In fact, the study found that nearly a third (31 percent) would actually
welcome such marketing.

The findings arise out of a survey undertaken by HPI Research in June 2001,
when 3300 people in eleven different global markets were questioned. The
markets covered were Brazil, Denmark, Germany, Italy, Japan, Korea,
Singapore, Spain, Sweden, the United Kingdom, and the U.S.

Consumer acceptance of mobile marketing messages has been one of the
greatest fears of the nascent industry, but, despite numerous studies
documenting people's willingness to receive such messages, mobile marketing
has thus far failed to take off in any meaningful way. So, as the industry
remains in a testing — rather than an implementation — stage, the Nokia
study, though obviously funded by a party with a stake in expanding the uses
of cellular technology, sheds more light on the factors that need to be in
place for consumers to accept such messages.

First, consumers needed to feel that they had the choice whether or not to
receive messages. Secondly, the ability to bypass messages easily and
quickly was important. Thirdly, people surveyed sought customization — the
ability to filter the types of messages received. And lastly, mobile phone
users wanted a mutual benefit; for example, they wanted a reduction in the
cost of mobile service in exchange for getting marketing messages. Nearly
nine out of ten (86 percent) of those surveyed said mobile marketing would
be acceptable if it helped keep the cost of service down.

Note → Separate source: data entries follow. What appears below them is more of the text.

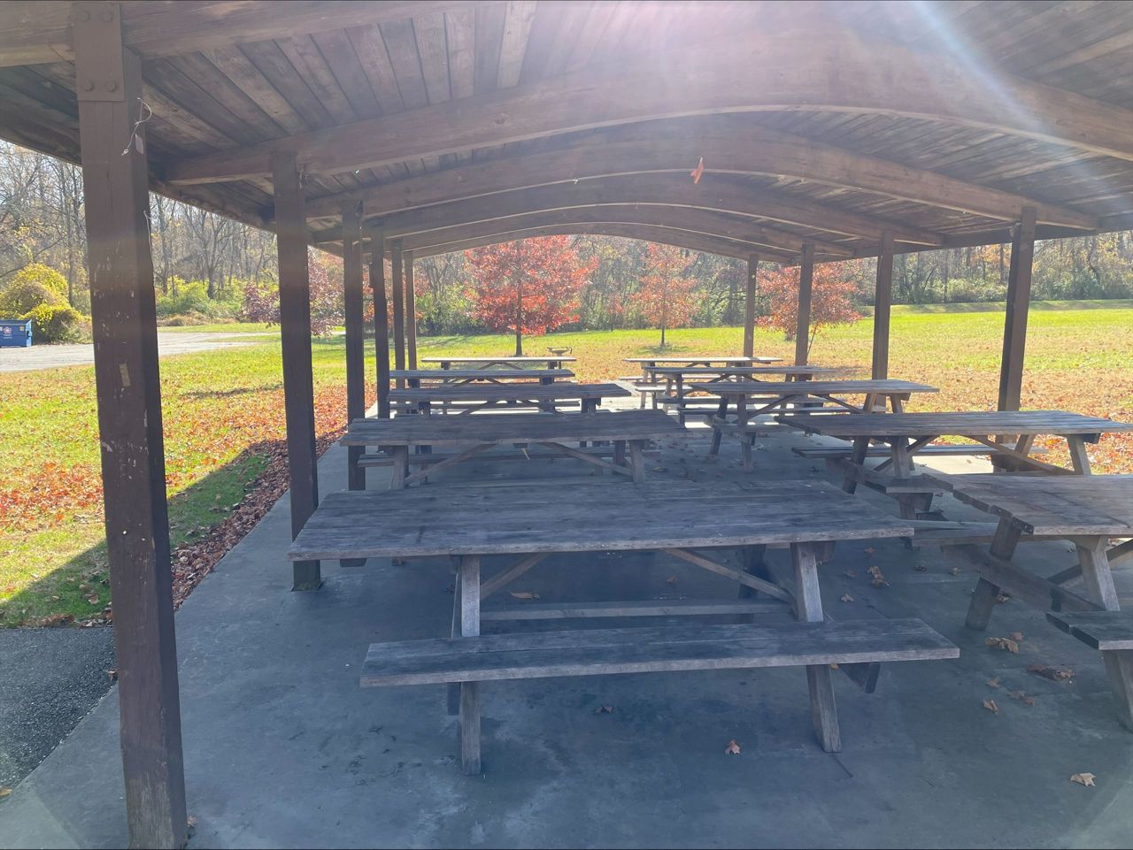 Pavilion 11A can accommodate up to 80 people with 10 picnic tables. Domestic pets are available.
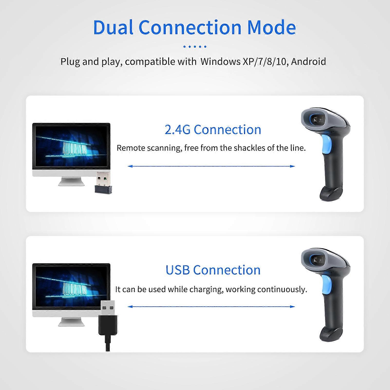 Handheld Barcode Scanner 1D/2D/QR Scanner 2.4G Wireless & USB Wired Bar Reader Compatible with Windows Mac Linux for Supermarket Retail Library Logistics Warehouse Features: Professional barcode scanner, which can scan and decode 1D/2D/QR codes, supports screen scanning. Using CMOS image scanning technology, high performance chip, fast scanning speed and high accuracy. Dual connection mode, 2.4G wireless and USB transmission, plug and play, compatible with Linux, Windows XP/7/8/10, Mac. Built-in 1200mAh lithium battery, it has long standby time. No wires, transmission distance up to 25 meters, more convenient. Practical barcode reader, widely used in supermarket, retail, library, logistics, warehouse, etc. Decode Capability: Smoothly scan and decode one-dimensional (Airline 2 of 5, Codaba, Codablock A, 128, 11, 32, 39, 93, EAN/UPC, EAN-8, EAN-13, Full ASCII Code39, GSI DataBar Expanded, GSI DataBar Limited, GSI DataBar Omnidirectional, HongKong 2 of 5(China Post), Interleaved 2 of 5, RSS-14, RSS-LMITED, RSS-EXPANDED, Straight 2 of 5 Industrial, Telepen, Trioptic , UPC-A, UPC-E, UPCE, MSI, Pharmacode, Matrix 2 of 5, Codablock F) and two-dimensional (Data Matrix, Hanxin, Maxicode, MicroPDF417, QR , Aztec, Composite, DOT_CODE) Specifications: Color: Black Material: ABS + PMMA Image Sensor: 960 * 640 CMOS Scan Mode: Manual Trigger Scan/ Automatic Continuous Scan Transmission: USB + 2.4G Wireless Transmission Distance: 25 meters Scanning Angle: Rotated: ±360° Horizontal: ±70°  Vertical: ±60° Min. Recognition Accuracy: 5mil 39 Decoding Capability: --1D: Airline 2 of 5, Codaba, Codablock A, 128, 11, 32, 39, 93, EAN/UPC, EAN-8, EAN-13, Full ASCII Code39, GSI DataBar Expanded, GSI DataBar Limited, GSI DataBar Omnidirectional, HongKong 2 of 5(China Post), Interleaved 2 of 5, RSS-14, RSS-LMITED, RSS-EXPANDED, Straight 2 of 5 Industrial, Telepen, Trioptic , UPC-A, UPC-E, UPCE, MSI, Pharmacode, Matrix 2 of 5, Codablock F --2D: Data Matrix, Hanxin, Maxicode, MicroPDF417, QR , Aztec, Composite, DOT_CODE Depth of Field: 4-8cm Code39(6.6mil)                          3-22cm UPC(13mil)                          7-33cm Code39(20mil)                          3-18cm QR (20mil) Battery: Built-in 3.7V, 1200mAh Lithium Battery Charging Time: 3 hours System Compatibility: Linux, Mac, Windows XP/7/8/10 Drop Test: 1.5m Fall to Concrete IP Level: Up to IP54 Cable Length: 140cm ± 3cm Item Size: 16.5 * 8.6 * 6.6cm/ 6.5 * 3.4 * 2.6in Item Weight: 173g/ 6.1oz Package Size: 18.5 * 11 * 8.3cm/ 7.3 * 4.3 * 3.3in Package Weight: 310g/ 10.9oz Packing List: 1 * Barcode Scanner 1 * Receiver 1 * USB Cable 1 * User's Manual
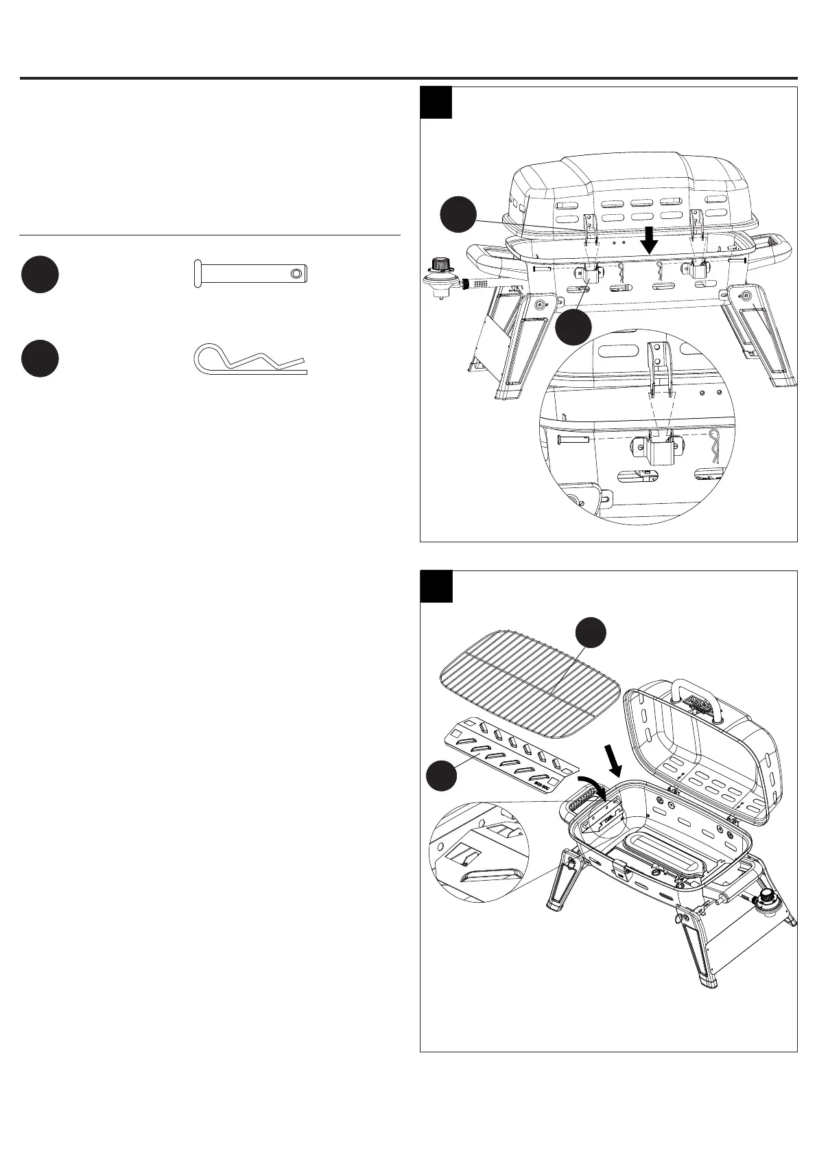 las bisagras inferiores (D). Luego, inserte dos pasadores
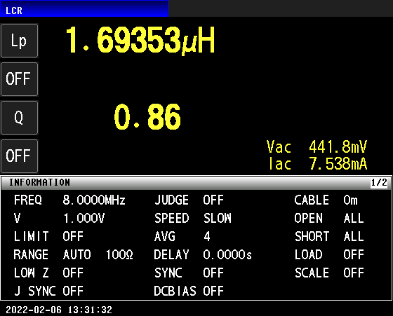測定周波数は、10kHzから8MHzまで10kHzステップでインダクタンスとQ値を同時測定
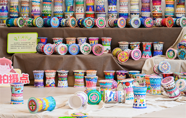 开幕式后,嘉宾朋友和红梅实小师生共同参观中非艺术展。在共享大厅,“丛林环绕”,一派非洲大草原生机勃勃的景象。仔细望去,在丛林环绕中,摆满了红梅实小孩子们亲手绘制的非洲主题创意作品:用打包盒仿制的“非洲鼓”,用颜色与线条装点的编织毯,用废旧纸箱表现的“非洲大草原”,还有纸浆画、染色头巾、图腾柱……精美的作品让人应接不暇。据介绍,学校每个孩子都参与了此次艺术展创作,每个孩子都能在展览中找到自己的作品,且每件作品都署有孩子的姓名,依次彰显“红梅花儿开,朵朵放光彩”的办学理念。
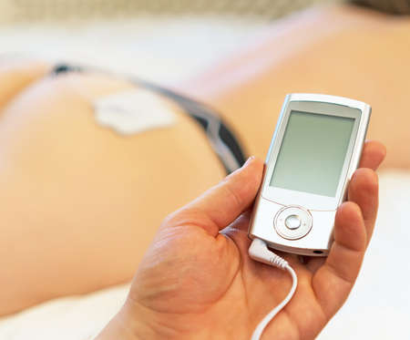 Close up electrostimulator on man stomach. Myostimulation therapy
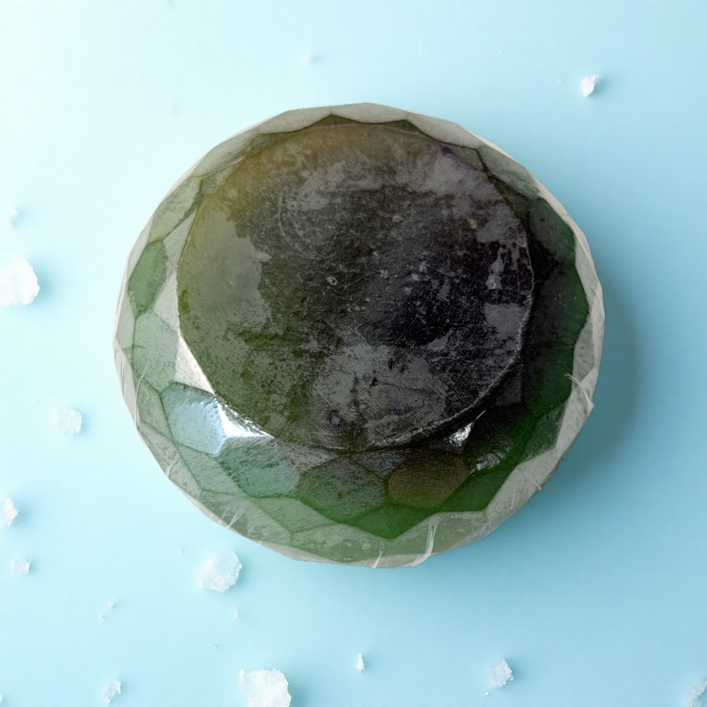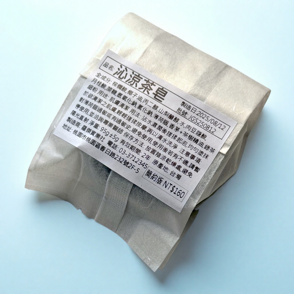 注意: 嬰幼兒或對薄荷腦過敏或有過敏史,請避免使用,皂體中深色花紋為綠茶細粉渲染。
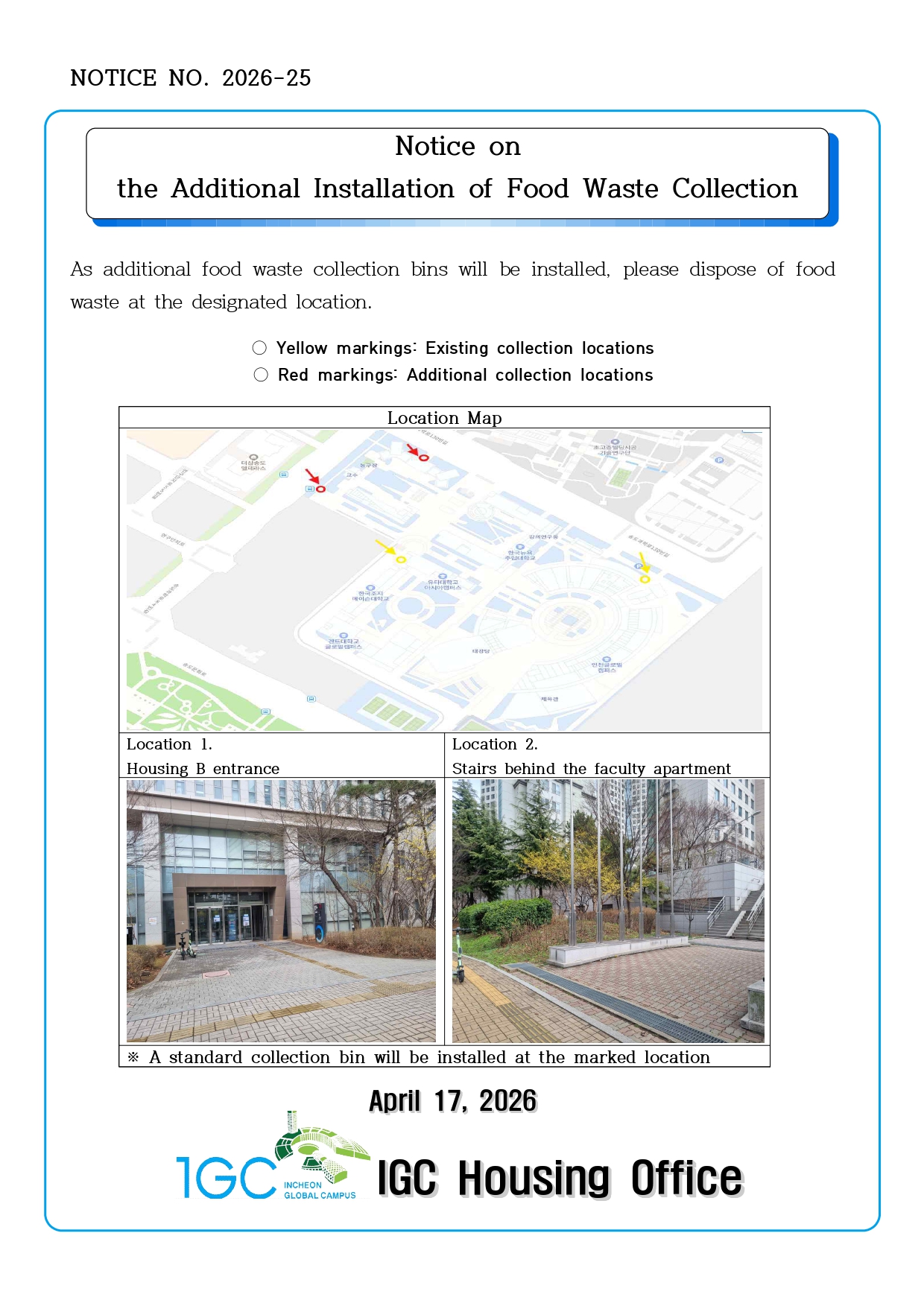 Notice on the Additional Installation of Food Waste Collection
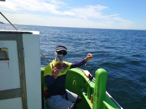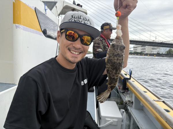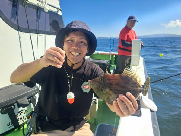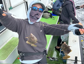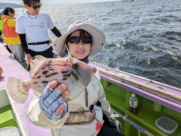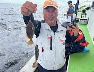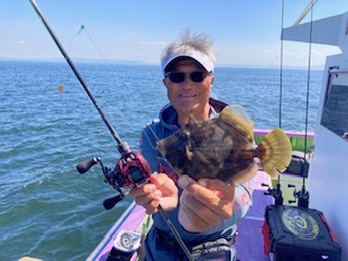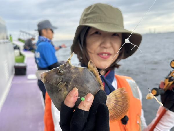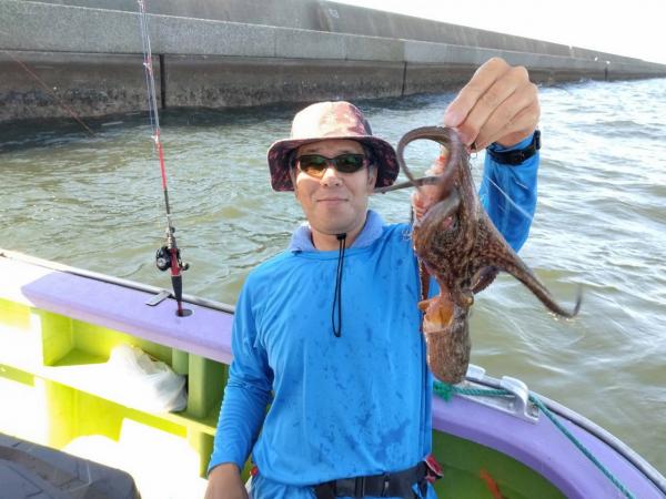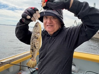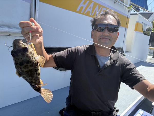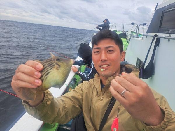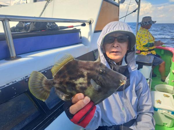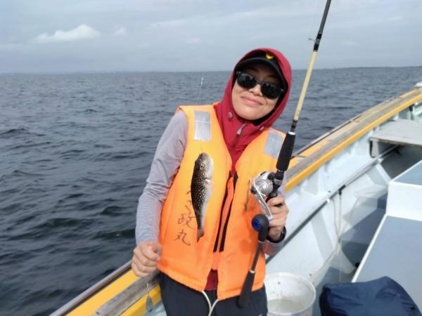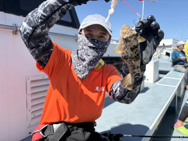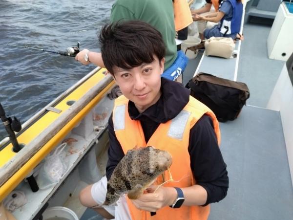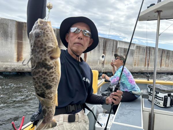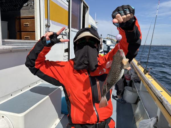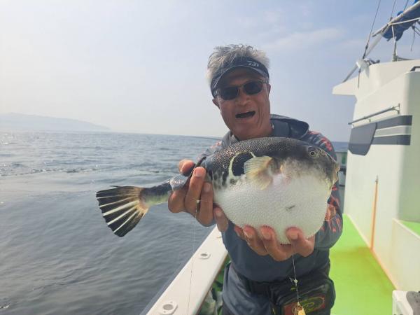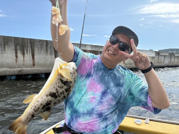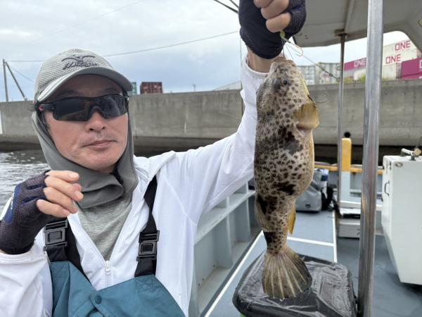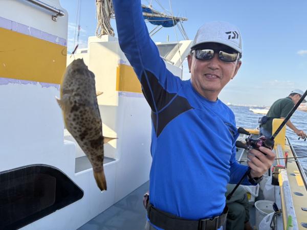 浅場のポイントから様子を伺うと、ポツリポツリと拾い釣り。サバフグ多く、苦戦したが、このポイントは、細かく早い誘いが○!コツを掴んだ方は連発していました。

In a move that reflects the mobile phone industry's interest in developing
higher bandwidth networks, the study also asked users about mobile visual
entertainment. Of the consumers that expressed an interest in such
capabilities, 76 percent said they wouldn't mind if the programming was
interrupted by very short advertisements. Fifty-one percent said they
wouldn't see advertising as intrusive if it resembled the way ads are
presented on television.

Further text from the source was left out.